- Work to complete:
Retype the line in which "服务业如现代化产业体系的枝叶" appears, then every line after it until the records end. Leave out the pictures.

BEGIN Entries supplied

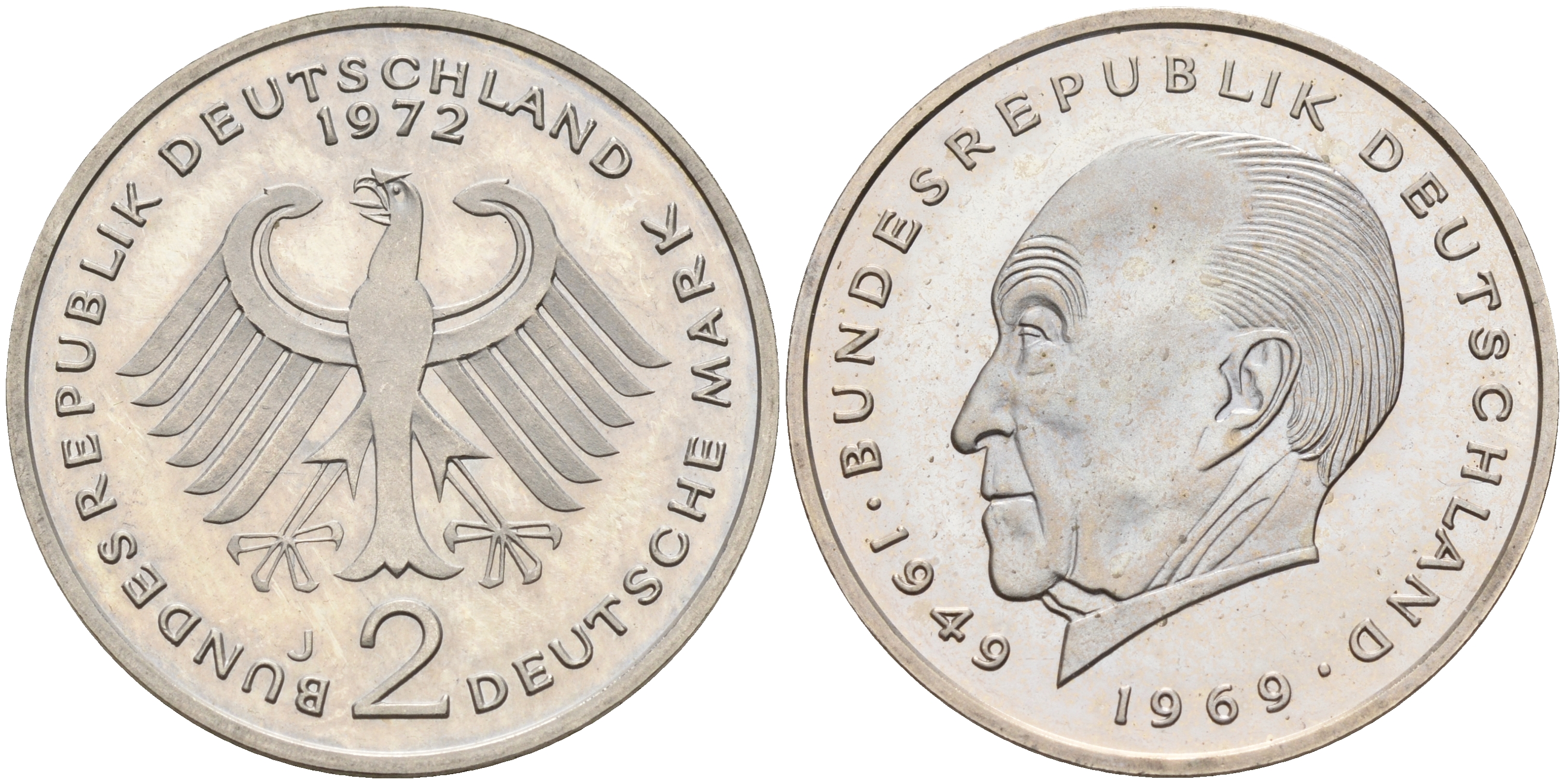 ФРГ 2 марки 1972 J, Конрад Аденауэр J 406, KM 124 медно-никель плакированный никелем PROOF 4155-154
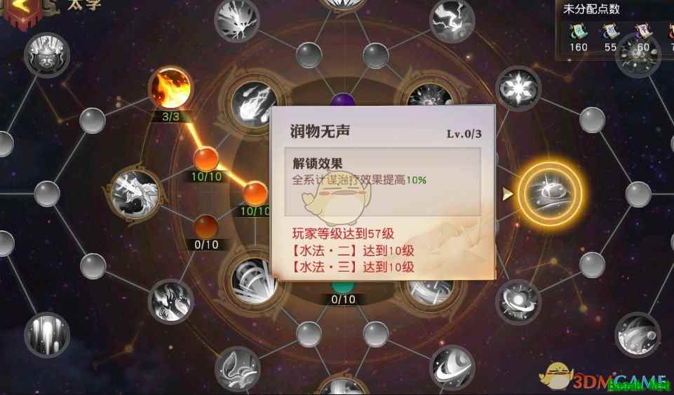 三、星盘的点亮需要符合对应的前置条件方可点亮,例如【润物无声】需要玩家等级达到57级且【水法·二】【水法·三】均达到十级才能提升一级。
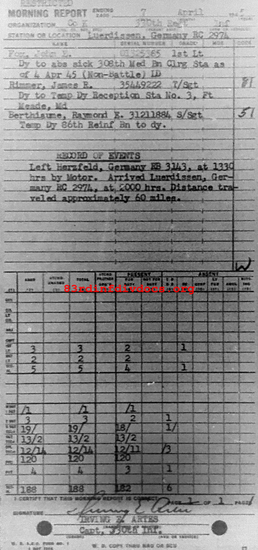 Left Herzfeld, Germany rB3143, at 1330 hrs by Motor. Arrived Luerdissen, Germany rC2974, at 2000 hrs. Distance traveled approximately 60 miles.
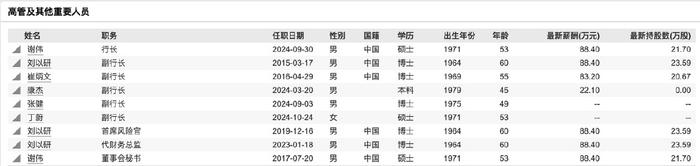 值得一提的是,2024年以来,浦发银行高管人事变动较为频繁,包括董事长张为忠、行长谢伟,副行长康杰、丁蔚和张健,都是在今年相继上任,而原副行长有两位,分别是刘以研、崔炳文。
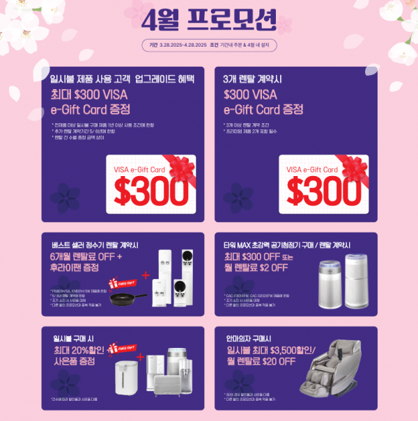 렌탈 복수 구매시 청소기 지급, 3개 이상 구매시 $300 visa 카드 드립니다.
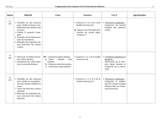 La séquence 03 de 2012-2013 porte sur des fonctions de référence, où les élèves développent des algorithmes pour explorer des concepts tels que la racine carrée et la valeur absolue. Le programme inclut des exercices pratiques et des démonstrations sur la monotonie des fonctions ainsi que sur la position relative des courbes. Les élèves sont également encouragés à intégrer l'algorithmique dans leur apprentissage hors temps scolaire.
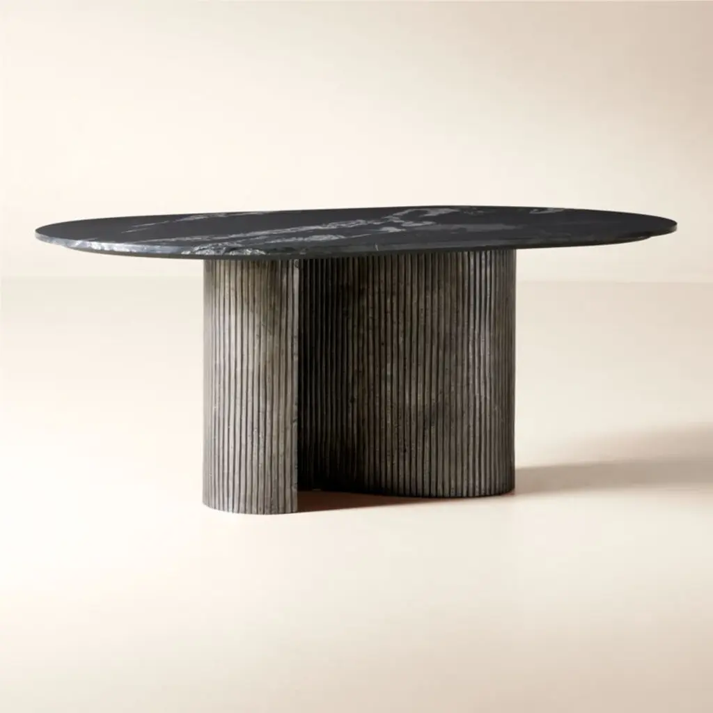 Aster 72" Oval Black Marble And Aluminum Dining Table
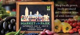 Join us Saturdays, May 4 - July 6 in Cathedral Square from 7:30am – Noon for Market in the Park. Shop locally grown, locally produced, and handmade items all while listening to live entertainment.
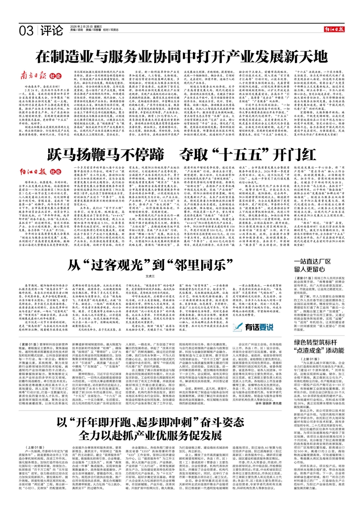 服务业如现代化产业体系的枝叶,枝繁才能叶茂,才能让参天大树绿树成荫、遮阳挡雨。过去两年,阳江深耕营商环境的沃土,锻造提升落实的筋骨,为企业发展提供了更有利条件、更广阔空间。市委将今年定为“提质服务年”,就是要推动全市上下改造办事机制和流程,改进工作作风、强化服务理念,加快打造市场化法治化国际化一流营商环境。抓好提质服务,必须拉高标杆、提升效能,阳江要深度衔接大湾区规则标准,全面对接“湾区通”工程,痛下决心改革机制、流程,全面提升办事效率和服务质效。抓好提质服务,必须革新理念、真抓实干。牢固树立“服务员”的主动意识,坚持围绕促进发展这一中心任务,将“用户思维”“需求导向”融入工作全过程。抓好提质服务,必须锻造作风、担当作为。营商环境的持续改善,关键在于干部的作风与担当。要大力弘扬“马上就办、真抓实干”的过硬作风,以干部的“勤奋指数”换取企业的“发展指数”和群众的“幸福指数”。制造业与服务业双向奔赴,关乎阳江高质量发展大局、现代化建设全局。要以制造业之强牵引服务业之优,以服务业之优增进制造业之强,让现代化产业体系这棵大树在阳江发展沃土上深深扎根、茁壮成长。
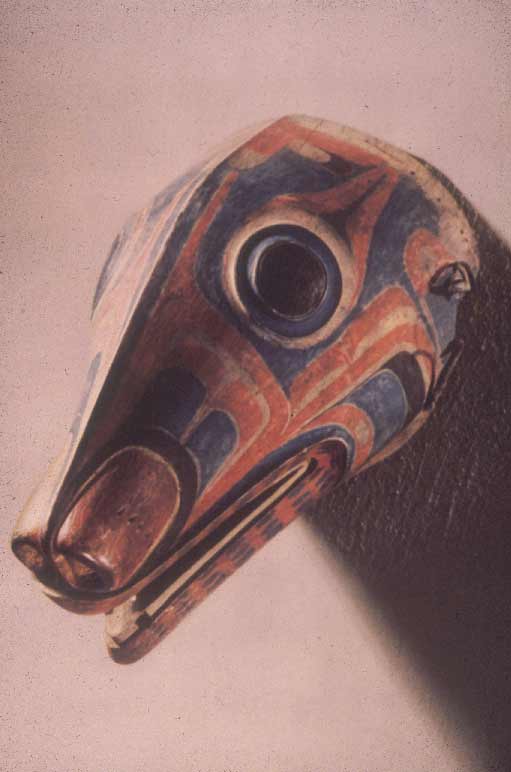 90 - Cabeza antropomorfa de madera de balsa que forma parte de un bastón. Tiene...
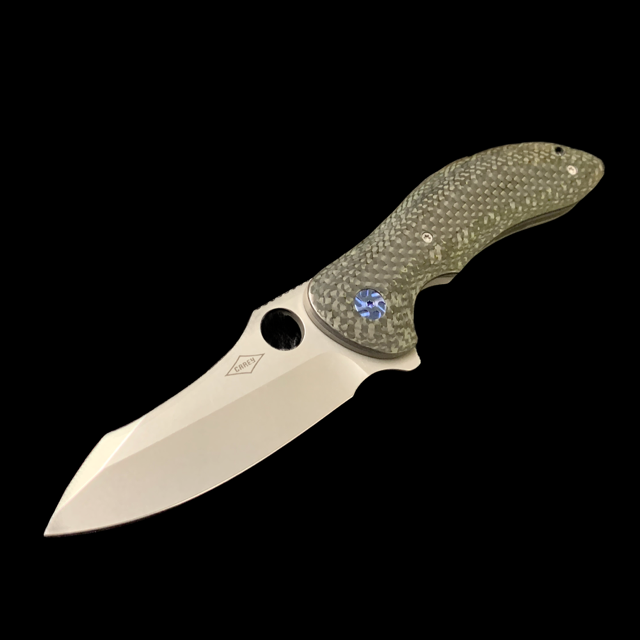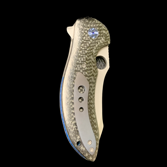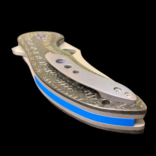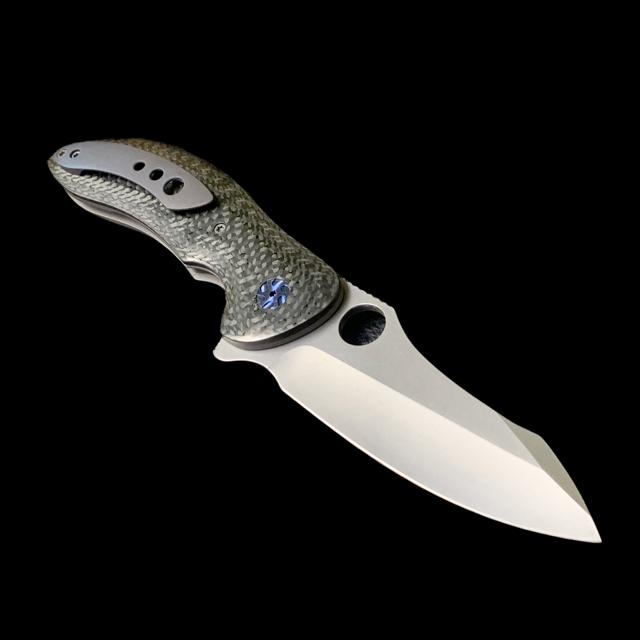 This 1off has a 3.5" blasted CPM154 blade that is 8.25" overall. The titanium liner lock has contoured carbon fiber scales with titanium hardware and pivot. Fires hard on ceramic bearings and detent with a blue g10 back spacer as well as a 3D titanium clip. Excellent condition!
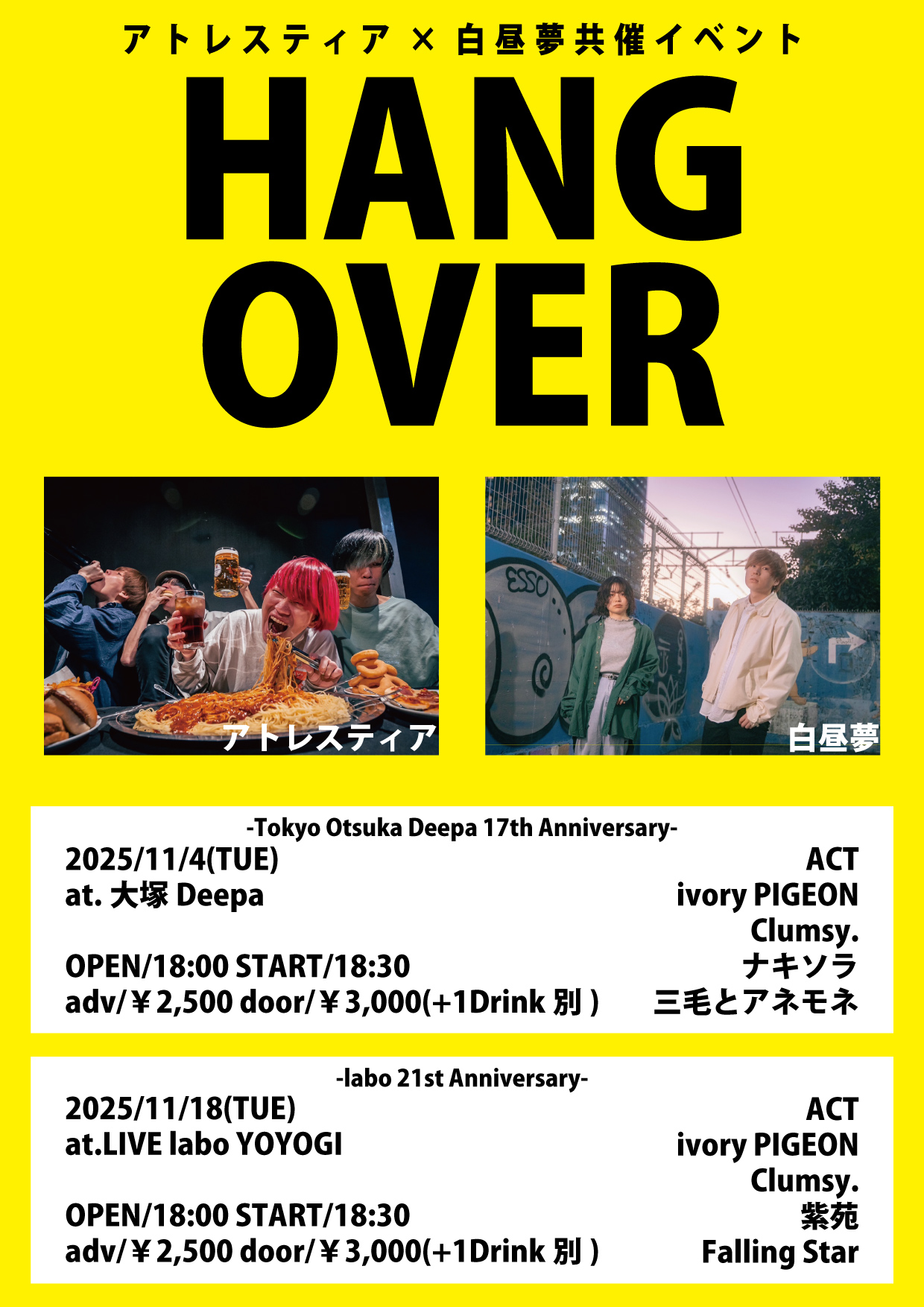 大塚 Deepa スケジュール 2025.11.04(Tue) アトレスティア×白昼夢共催イベント 「HANG OVER」 [ACT] 白昼夢 / アトレスティア / ivory PIGEON / Clumsy. / 三毛とアネモネ / ナキソラ [OPEN/START] 18:00/18:30 [料金] ADV/DOOR ¥2,500/¥3,000 (各別1D)

END Entries supplied

- Answer to this problem:
 服务业如现代化产业体系的枝叶,枝繁才能叶茂,才能让参天大树绿树成荫、遮阳挡雨。过去两年,阳江深耕营商环境的沃土,锻造提升落实的筋骨,为企业发展提供了更有利条件、更广阔空间。市委将今年定为“提质服务年”,就是要推动全市上下改造办事机制和流程,改进工作作风、强化服务理念,加快打造市场化法治化国际化一流营商环境。抓好提质服务,必须拉高标杆、提升效能,阳江要深度衔接大湾区规则标准,全面对接“湾区通”工程,痛下决心改革机制、流程,全面提升办事效率和服务质效。抓好提质服务,必须革新理念、真抓实干。牢固树立“服务员”的主动意识,坚持围绕促进发展这一中心任务,将“用户思维”“需求导向”融入工作全过程。抓好提质服务,必须锻造作风、担当作为。营商环境的持续改善,关键在于干部的作风与担当。要大力弘扬“马上就办、真抓实干”的过硬作风,以干部的“勤奋指数”换取企业的“发展指数”和群众的“幸福指数”。制造业与服务业双向奔赴,关乎阳江高质量发展大局、现代化建设全局。要以制造业之强牵引服务业之优,以服务业之优增进制造业之强,让现代化产业体系这棵大树在阳江发展沃土上深深扎根、茁壮成长。
 90 - Cabeza antropomorfa de madera de balsa que forma parte de un bastón. Tiene...
 This 1off has a 3.5" blasted CPM154 blade that is 8.25" overall. The titanium liner lock has contoured carbon fiber scales with titanium hardware and pivot. Fires hard on ceramic bearings and detent with a blue g10 back spacer as well as a 3D titanium clip. Excellent condition!
 大塚 Deepa スケジュール 2025.11.04(Tue) アトレスティア×白昼夢共催イベント 「HANG OVER」 [ACT] 白昼夢 / アトレスティア / ivory PIGEON / Clumsy. / 三毛とアネモネ / ナキソラ [OPEN/START] 18:00/18:30 [料金] ADV/DOOR ¥2,500/¥3,000 (各別1D)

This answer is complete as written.